Dr. Jeananne Garavan, senior clinical psychologist and chairperson of Mayo Infant Mental Health Forum, facilitators Mairead Carolan and Catherine Maguire, IAIMH, Seamus Beirne, general manager, Primary Care Services Mayo/Roscommon, and Mary Skillington, Early Childcare Education ATU and chairperson of the Early Years CYPSC Committee, Mayo.

First ever infant mental health master class held in Mayo

The first ever infant mental health master class has been delivered at the Atlantic Technological University, Castlebar Campus.

In attendance were various professionals across the HSE, Tusla, disability and voluntary sector representing key services that support families and children from conception to infancy came together - all eager to learn more about the concept of infant mental health so as to further support the social and emotional development of children and parental wellbeing.

This event was hosted by the Mayo Infant Mental Health Forum with the support of the HSE and Mayo CYPSC and facilitated by two leading IMH specialists from the Irish Association for IMH, Catherine McGuire and Mairead Carolan.

Ms. McGuire is also a member of the World Association for IMH and, along with her organising committee, is busily preparing for Dublin to host the 18th World Infant Mental Health Congress in July 2023.

The master class covered the scientific evidence and theory that supports and underpins IMH as well as the clinical application in which parents and babies are supported via an IMH lens.

The focus of this lens is not on baby alone but on the parent/caregiver baby/toddler relationship as it is the quality of this caregiving relationship, particularly in the early years of life when brain is rapidly developing, that determines our infants healthy social emotional and physical development, not only in childhood but into adulthood and across the lifespan.

Sensitively responding to baby’s needs by trying to read their nonverbal cues, making eye contact, comforting through gentle touch, holding, snuggling and sharing in mutual pleasure are ways to support the attachment parent – infant relationship.

Babies are unable to regulate their own emotions and are entirely depending on their significant caregivers to do so for them.

This is why in IMH the focus is equally on parental well-being and the caregiver’s emotional state.

The master class was very instructive in emphasizing the importance of supporting parents’ own developmental needs as they transition into parenthood and all of its challenges.

Parents are empowered, not by being told what to do necessarily but by their own unique parental experiences and needs in relation to their individual babies validated by a trusted other.

This process of ‘being with’ and engaging parents to adopt a reflective curious stance regarding their baby’s needs and communications is the essence of an IMH approach.

It is important therefore, that in order for support staff to help parents to keep baby in mind, that staff can reflect on how such work affects them personally.

Such insights will greatly inform and enrich their IMH practise.

The inaugural meeting of an IMH Network Group took place on October 11 to provide staff in Mayo with a supportive peer group environment to continue their learning so as to enhance further their IMH competencies.

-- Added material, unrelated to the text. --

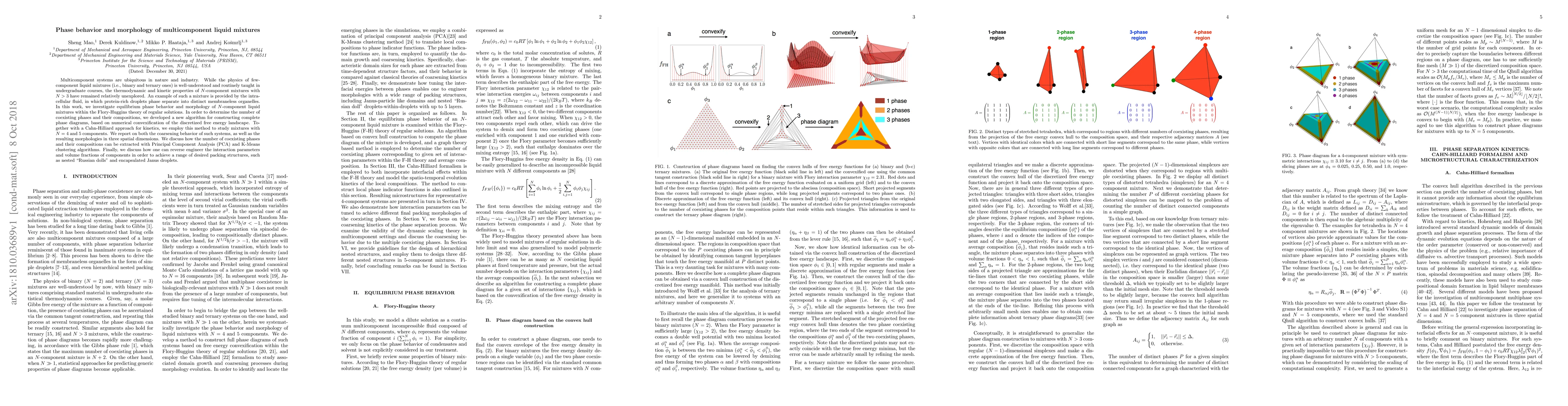 This paper explores the phase behavior and morphology of multicomponent liquid mixtures with $N>3$ components using the Flory-Huggins theory. The authors develop a new algorithm to construct complete phase diagrams and study the coarsening behavior and morphologies of $N=4$ and $5$ component mixtures, employing PCA and K-Means for analysis and demonstrating methods to achieve desired packing structures.

This is for the better of all the parents, families and babies they serve.

For further information on IMH please consult the Irish Association for Infant Mental Health and the relevant HSE sites including mychild.ie or the hseland Infant Mental Health e- learning modules.

For information on the Mayo IMH Forum or the Network Group please, contact Dr. Jeananne Garavan, senior clinical psychologist as chair of the forum on 094 9049269 or email Jeananne.Garavan@hse.ie

Key messages for parents and caregivers

Early relationships matter and yet it is never too late!

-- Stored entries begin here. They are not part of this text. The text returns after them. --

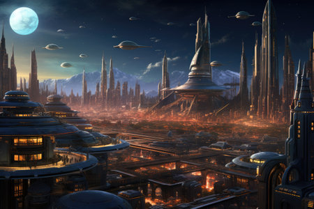 A futuristic space ship is flying over a city at night. The city is lit up with bright lights, creating a moody and mysterious atmosphere. The space ship is the main focus of the image
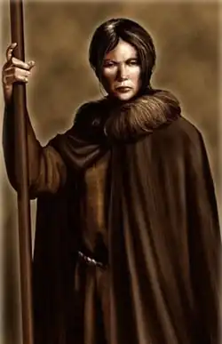 Osha travels with the Stark boys, their direwolves, and Hodor as they head for the Wall. They are crossed by the Reed siblings, Jojen and Meera, who try to reason with Bran. Jojen reveals who they are, and that Bran has a mission to reach the Three-Eyed Raven Beyond the Wall. Over time, Osha grows wary of Jojen and his ideas, and tries to confront him about putting ideas into Bran's head. Jojen reveals that they have no plan of going to the Wall, but instead insists on traveling Beyond the Wall to seek the Three-Eyed Raven. Outraged, Osha warns them of the dangers and threats that lie ahead, which provokes her to tell them about her husband, Bruni, revealing that he had gone missing and came back days later as a White Walker and almost killed Osha.[21] She burnt down her hut with Bruni inside and fled south of the Wall before the dangers became prominent.[22] With her motivations clear, Osha tells Bran she will not go further than the Wall and will not break her promise to Luwin.[23] During a storm, the group take refuge inside an abandoned windmill, while a group of wildlings outside fight. Jojen reveals to Bran that he is a warg after accidentally warging Hodor, which leads him to warging himself into Summer and unknowingly saves Jon Snow and Ygritte. Osha is still frustrated over the entire situation, but Bran suggests that she take Rickon to Last Hearth to seek refuge with House Umber, loyal allies to House Stark. Agreeing, Osha and Rickon say their goodbyes, and part ways.[24]
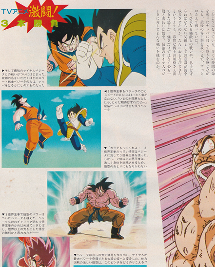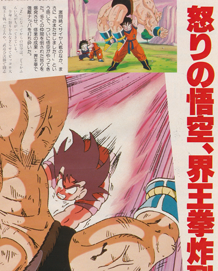 「Z」になってからの悟空は、どこかふんい気がちがってきている。全身に怒りをみなぎらせてピッコロ大魔王と戦ったころや、武道会決勝で闘志むきだしのワクワク顔でマジュニアにぶつかっていったときにくらべると、最近の彼は、闘志や怒りをグッと内側にためこむようになっている。多くの仲間の命を奪ったナッパに対して怒りを感じながらも、最後の界王拳を放つまで、ずっとおさえて戦っていた。たび重なる強敵との戦いや、息子を守らねばならない父親としての意識が彼を成長させたのか。たんにおとなびてきたというよりも、寡黙な戦士の風格さえ出てきた感じだ。強さだけではなく心も一段と成長した悟空、最強のサイヤ人ベジータに対してどんな戦いを挑むのか。

It is not our parenting mistakes that breeds insecurity but the repair of such mistakes that makes our children feel secure.

No such thing as perfect parenting – there is only ‘Good Enough’!

This means that a third of the time we will get it right and another third we will not….for the remaining third were trying to work out what our child needs.

It is this working out as to their needs that is the kernal of ‘Good Enough’ parenting. If we can help parents to observe and be open and curious as to what might be going on for their baby and child they may feel more confident in being able to meet their babies’ needs.

Parenting does not come naturally necessarily. Although for some it can feel very intuitive for others less so.

It is always Ok to not feel ok but it is really important for your needs and your babies need to seek the help and support you deserve and your baby deserves.